How to Make Pumpkin Cheesecake Bars
These pumpkin cheesecake bars start with a simple 6-ingredient oat-almond crust that tastes much like a graham cracker crust! Oats and almonds blend with salt, coconut sugar, and pumpkin pie spice for a naturally sweetened and wholesome base with major fall vibes.
The dough comes together with the help of coconut oil, which ensures it’s the perfect texture for pressing into a pan. Our favorite hack for preventing a crumbly crust is to pack it using a drinking glass over parchment paper. Then it’s ready to go in the oven to par-bake before adding the filling!
While the crust is baking, we transition to the pumpkin swirl filling. In the same (rinsed out) blender* you used for making the crust, cashews blend with coconut cream and vegan cream cheese for a rich and creamy filling with the same classic tanginess of real cheesecake! Maple syrup provides sweetness, arrowroot or cornstarch thickens it, and salt and (optional) vanilla infuse even more flavor!
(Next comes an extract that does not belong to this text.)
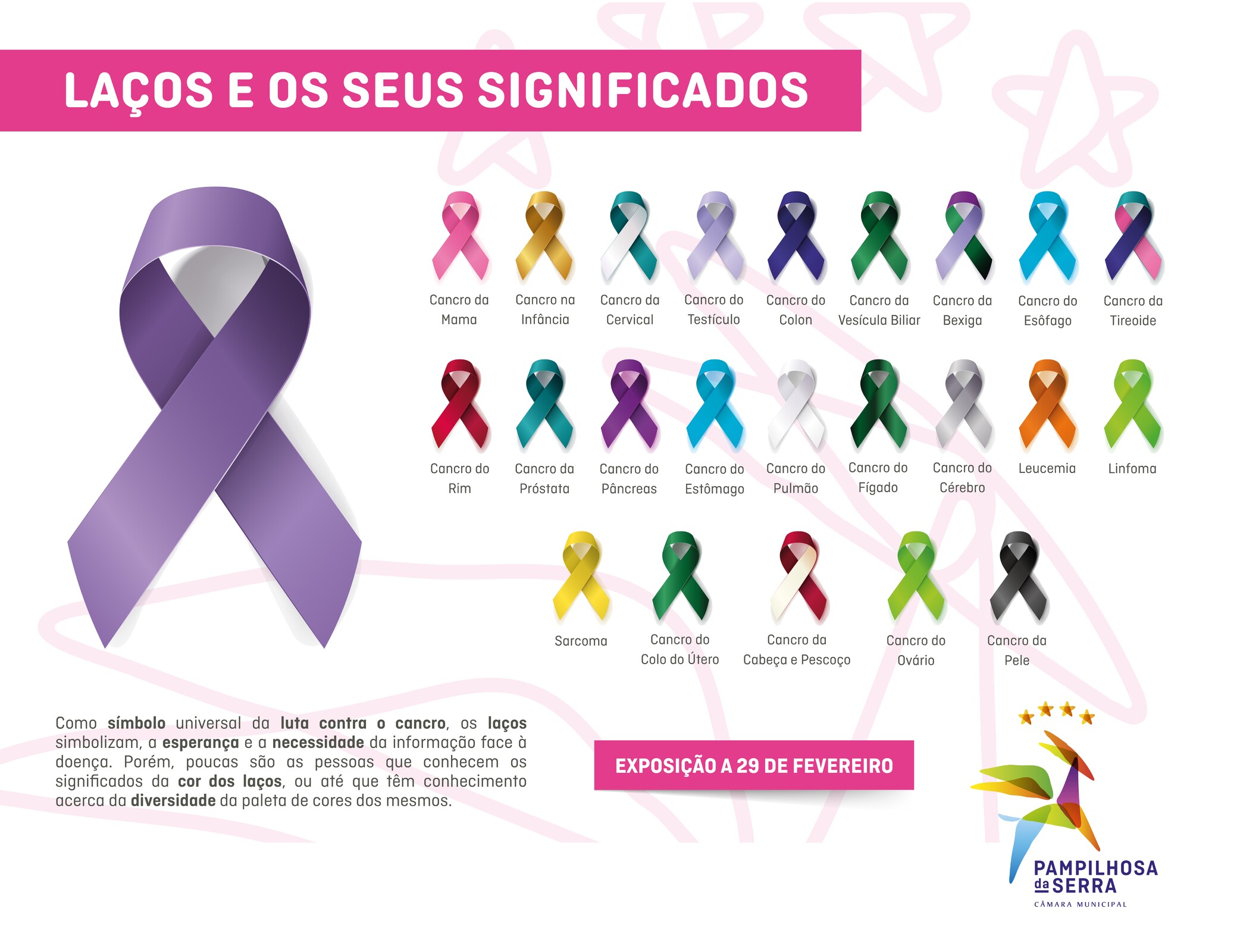 A Câmara Municipal juntou-se, mais uma vez, a esta causa e lançou o desafio às Instituições Locais e Juntas de Freguesia do Concelho, de construírem um laço de cores diferentes (associadas, a nível nacional, a cada tipo de cancro), para no dia 29 de fevereiro serem expostos, como forma se sensibilizar e informar para a importância da prevenção e diagnostico precoce.

*Note: Using a high-speed blender is a game-changer for creamy smoothies, sauces, desserts, and more! Find our blender recommendations in our unbiased blender review. Or for a lower cost option, a Nutribullet also does a great job of getting cashews creamy!
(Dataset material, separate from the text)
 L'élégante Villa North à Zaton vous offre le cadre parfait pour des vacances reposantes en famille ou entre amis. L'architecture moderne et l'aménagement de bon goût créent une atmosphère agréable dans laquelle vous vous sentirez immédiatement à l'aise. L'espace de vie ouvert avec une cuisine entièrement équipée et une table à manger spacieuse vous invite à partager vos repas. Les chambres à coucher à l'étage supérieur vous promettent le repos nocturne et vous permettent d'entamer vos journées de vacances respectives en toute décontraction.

Pumpkin purée and pumpkin pie spice bring the pumpkin pie element, with more of them going into part of the filling to create two colors that get swirled together using a toothpick or knife.
After baking, all that’s left to do is let it cool in the fridge where the gorgeous swirls will emerge in full force. Then slice into bars and enjoy!
We hope you LOVE these pumpkin cheesecake bars! They’re:
& Perfect for fall!
They’re the perfect make-ahead dessert for Thanksgiving, fall birthdays, or any time the pumpkin or cheesecake craving strikes!
More Pumpkin Dessert Recipes
If you try this recipe, let us know! Leave a comment, rate it, and don’t forget to tag a photo #minimalistbaker on Instagram. Cheers, friends!
Servings 16 (Slices)
- 3/4 cup rolled oats* (certified gluten-free as needed)
- 3/4 cup raw almonds*
- 1/4 tsp sea salt
- 2 Tbsp coconut sugar (plus more to taste)
- 1 tsp pumpkin pie spice
- 4-5 Tbsp coconut oil, melted
- 1 cup raw cashews
- 1 cup coconut cream*
- 8 ounces vegan cream cheese* (Toffuti is best, or Kite Hill brand)
- 1 Tbsp arrowroot or cornstarch
- 2/3 cup maple syrup
- 1 cup pumpkin purée (DIVIDED)
- 3 tsp pumpkin pie spice (DIVIDED)
- 1/4 tsp salt
- 1 tsp pure vanilla extract (optional)
Preheat the oven to 350 F (176 C) and line an 8×8-inch baking dish with parchment paper.
CRUST: Add oats, almonds, salt, coconut sugar, and pumpkin pie spice to a high-speed blender and blend on high until the mixture resembles a fine meal.
Add the lesser amount of coconut oil to the blender and pulse or blend until well combined (we find that using the tamper on our Vitamix helps this process a lot)! The mixture should hold together when squeezed in your hand. If too dry, add the extra coconut oil. Transfer the mixture to the lined 8×8 dish and spread evenly. Place parchment paper on top and press the dough into your pan using a flat-bottomed object, such as a drinking glass, to firmly and evenly distribute the crust.
Bake for 20-25 minutes or until the corners are golden and the center of the crust is lighter in color and dry to the touch. Remove from the oven and set aside to cool.
CHEESECAKE FILLING: While the crust is cooling, rinse your blender and make your cheesecake batter. Add raw cashews, coconut cream, vegan cream cheese, arrowroot or cornstarch, maple syrup, 1/2 cup (100 g) pumpkin purée, 1 tsp pumpkin spice blend, salt, and vanilla (optional), to the blender (if altering batch size, adjust amounts accordingly). Blend on high until the mixture is smooth and creamy.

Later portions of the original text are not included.